Saturday, May 19, 2012

The Iconic Newsboy Hat

Even Barbara, Barbie and Buster have their Newsboys

The last item of my knitting trilogy* is the Newsboy hat.  The Newsboy is one of the most iconic hats of the late 19th and 20th century.  This hat goes by many other names: Flat Hat, Gatsby Hat, Gold Hat, Driving Cap, among others.  

Call it whatever name you want, the newsboy is a great looking hat.
I have read that this style goes as far back as 14th century England.  It has been claimed by every class of people, starting with the working class and eventually taken up by the upper classes as part of the weekend country attire. 

Traditionally, the Newsboy is constructed from eight panels cut from plain wool or tweed.  It is a soft rounded cap with a small brim and a stiffer back.  I have seen versions of the hat with the top snapped down to the brim and remaining free of the brim. 

 Knitted versions abound.  It is no surprise that something this popular would eventually be interpreted by knitwear.  I scouted the Internet for what I thought would be the perfect style and found one.  The newsboy that I knitted was found in Debbie Stoller’s   Stitc’n Bitch Nation (by far not my favorite knitting book-I probably would give it one star). I managed to find it as a used Amazon book.  For me, the total $5 (including shipping) is worth the hat alone.  I will continue to knit this one over and over.

The listed weight of yarn for this hat pattern is worsted.  I used DK, which meant I had to re-adjust the gauge.  This is a good skill to have.  It gives the knitter, more options of yarn, as long as the yarn fits the design. 

Saturday, May 12, 2012

Can't See The Forest For The Trees-Craft National 2012 & Thought Splatter

Can't see the Forest For the Trees. Rachelle Gardner-2012
Two years ago, I gave my youngest daughter a $99 sewing machine so she could sew, mend, and what not. The what not has turned into some incredible stitched visions.  One of them is Can't See The Forest For the Trees. A link for the process of this technique is:

This piece was accepted into the Crafts National 2012 at the Mulvane Art Museum in Topeka, Kansas.  The exhibition opened May 5th and will run until August 19th. 

Rachelle with The Forest. It is  3' x 9'

Details of work-100% Gütermann thread

Thursday, May 10, 2012

Borrowing From Vintage (again)

Close up of the finished scarf with it's silk Shibori lining

I have always been drawn to the below shawl in my book Vogue Knitting's Vintage Collection.

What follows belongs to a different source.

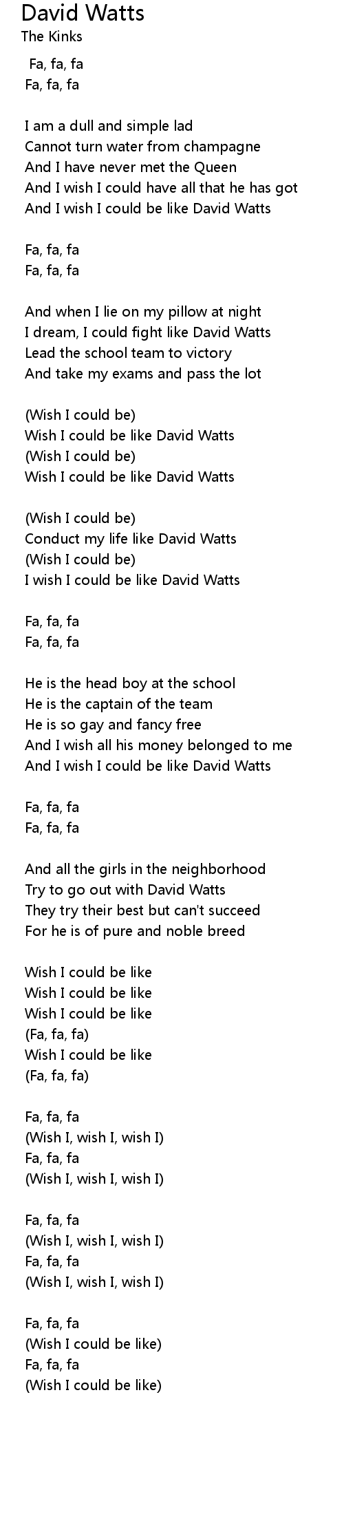 And I wish I could be like David Watts |

The pattern combines knitting and sewing, which probably explains the attraction.

Halfway into the “Purple Scarf”, I decided it was a good candidate for the lined option. There were two reasons. The yarn (Shetland that I hand painted) was in my opinion a tad bit scratchy. Choosing the pattern that I did, also contributed. I used the “Mock Cable Rib”* that is found on page 42 of Barbara G. Walker’s A Treasury of Knitting Patterns (this is her 1st Volume).

My first swatch was wonderful. But as the scarf progressed, it was obvious that it was going to be very heavy (especially at the length that my daughter wanted). I thought it could double as a small shawl if needed.

Out came the silk, dye, cut wood pieces, and clamps. It was Shibori time. I had a few lessons to learn about “off the bolt silk”. It shrinks big time. I ruined two linings because they were to short when I got finished. ** Finally, with the third try I got it right.

Cut wood pattern (wrapped in plastic to keep dye from soaking in) clamped to folded dyed silk

The Shibori piece that lines the scarf is a simple dye,resist, and over dye. I used the same dyes that I painted the yarn with. Now it is a double duty piece with some visual interest that it would not have had if I had just left it as a knitted piece.

*Mock Cable Rib

Multiple of 5 sts plus 2

Rows 1 and 3 (Wrong side)-K2, *p3, k2, rep from *
Row 2-P2* k3, p2, rep from*
Row 4-P2 * skip 2 sts and insert needle knit wise into front of 3rd st then taking point of needle in front of the 2 skipped sts,past these sts and around to the right, catch yarn and knit; then sl the 3rdst off left-hand needle over the 2 skipped sts, taking care not to let the skippedsts come off with it; k2, p2; rep from *.

**Sometimes mistakes turn into good things. I turned the botched linings into a scarf that I love wearing. A picture of it can be found here.